Data block:
────────────────────

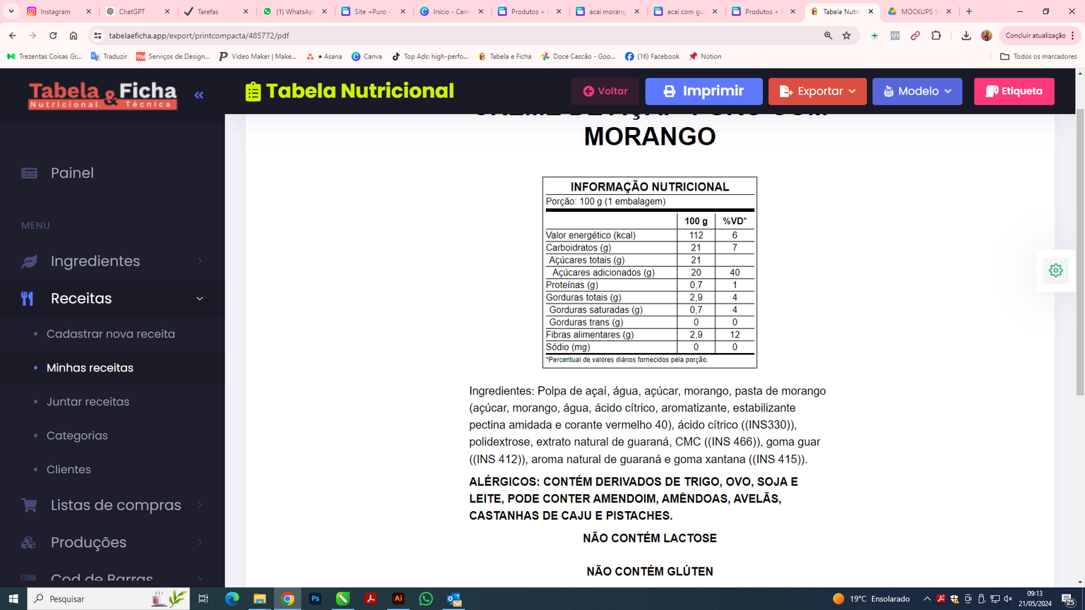 Ingredientes: Polpa de açaí, água, açúcar, morango, pasta de morango (açúcar, morango, água, ácido cítrico, aromatizante, estabilizante pectina amidada e corante vermelho 40), ácido cítrico ((INS330)), polidextrose, extrato natural de guaraná, CMC ((INS 466)), goma guar ((INS 412)), aroma natural de guaraná e goma xantana ((INS 415)).
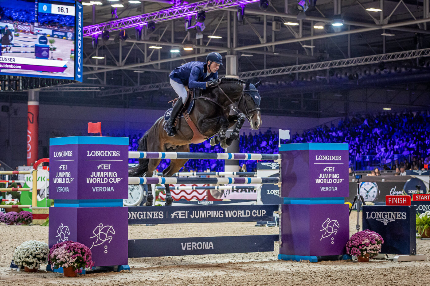 Solche Gefühlsausbrüche sieht man bei ihm auch nicht zu oft: Als Daniel Deusser mit seinem Otello de Guldenboom im Stechen um den World Cup Sieg in Verona über das letzte Hindernis flog und mit einer Bestzeit von 36.13 Sekunden fehlerfrei ins Ziel galoppierte, reckte er stolz und siegessicher seine Faust in den italienischen Abendhimmel. Gerade hatte der 44-Jährige seinen Kollegen Christian Kukuk und Just Be Gentle (v. Tyson) hinter sich gelassen. Die beiden hatten 37.31 Sekunden für den Parcours benötigt. Aber es sollte ja noch einer kommen: Alain Jufer aus der Schweiz als letzter Starter von sieben Paaren im Stechen setzte ebenfalls alles auf eine Karte. Am Ende war er im Sattel von Dante MM (v. Diarado) und einer Zeit von 36.92 Sekunden noch einen Hauch langsamer als Deusser, aber schneller als Kukuk und schob sich auf Platz zwei.
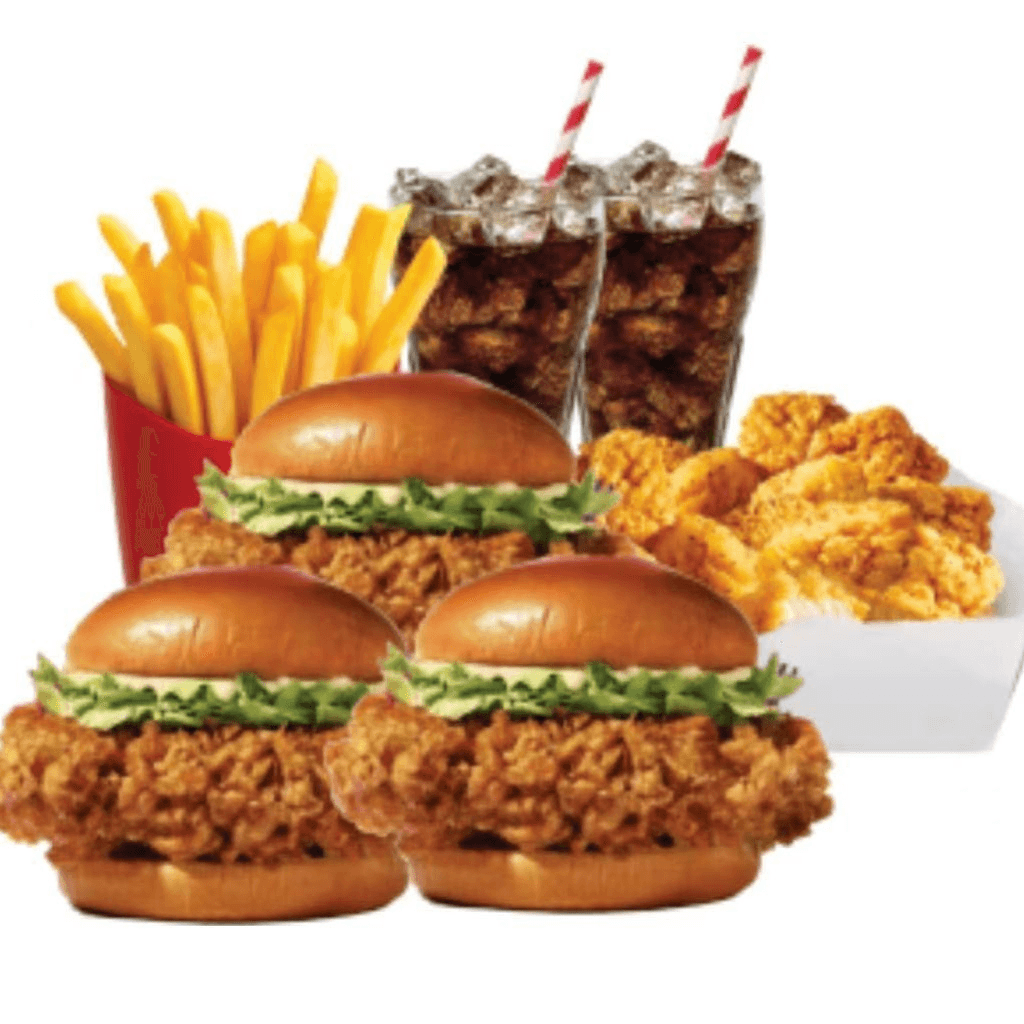 Perfect for sharing! Includes 3 crispy chicken sandwiches, spicy or not, 1 popcorn chicken, 1 order of golden French fries, and 2 refreshing sodas.

────────────────────

Work instructions:
Without the pictures, write out the entire listing exactly.

Written answer:
 Ingredientes: Polpa de açaí, água, açúcar, morango, pasta de morango (açúcar, morango, água, ácido cítrico, aromatizante, estabilizante pectina amidada e corante vermelho 40), ácido cítrico ((INS330)), polidextrose, extrato natural de guaraná, CMC ((INS 466)), goma guar ((INS 412)), aroma natural de guaraná e goma xantana ((INS 415)).
 Solche Gefühlsausbrüche sieht man bei ihm auch nicht zu oft: Als Daniel Deusser mit seinem Otello de Guldenboom im Stechen um den World Cup Sieg in Verona über das letzte Hindernis flog und mit einer Bestzeit von 36.13 Sekunden fehlerfrei ins Ziel galoppierte, reckte er stolz und siegessicher seine Faust in den italienischen Abendhimmel. Gerade hatte der 44-Jährige seinen Kollegen Christian Kukuk und Just Be Gentle (v. Tyson) hinter sich gelassen. Die beiden hatten 37.31 Sekunden für den Parcours benötigt. Aber es sollte ja noch einer kommen: Alain Jufer aus der Schweiz als letzter Starter von sieben Paaren im Stechen setzte ebenfalls alles auf eine Karte. Am Ende war er im Sattel von Dante MM (v. Diarado) und einer Zeit von 36.92 Sekunden noch einen Hauch langsamer als Deusser, aber schneller als Kukuk und schob sich auf Platz zwei.
 Perfect for sharing! Includes 3 crispy chicken sandwiches, spicy or not, 1 popcorn chicken, 1 order of golden French fries, and 2 refreshing sodas.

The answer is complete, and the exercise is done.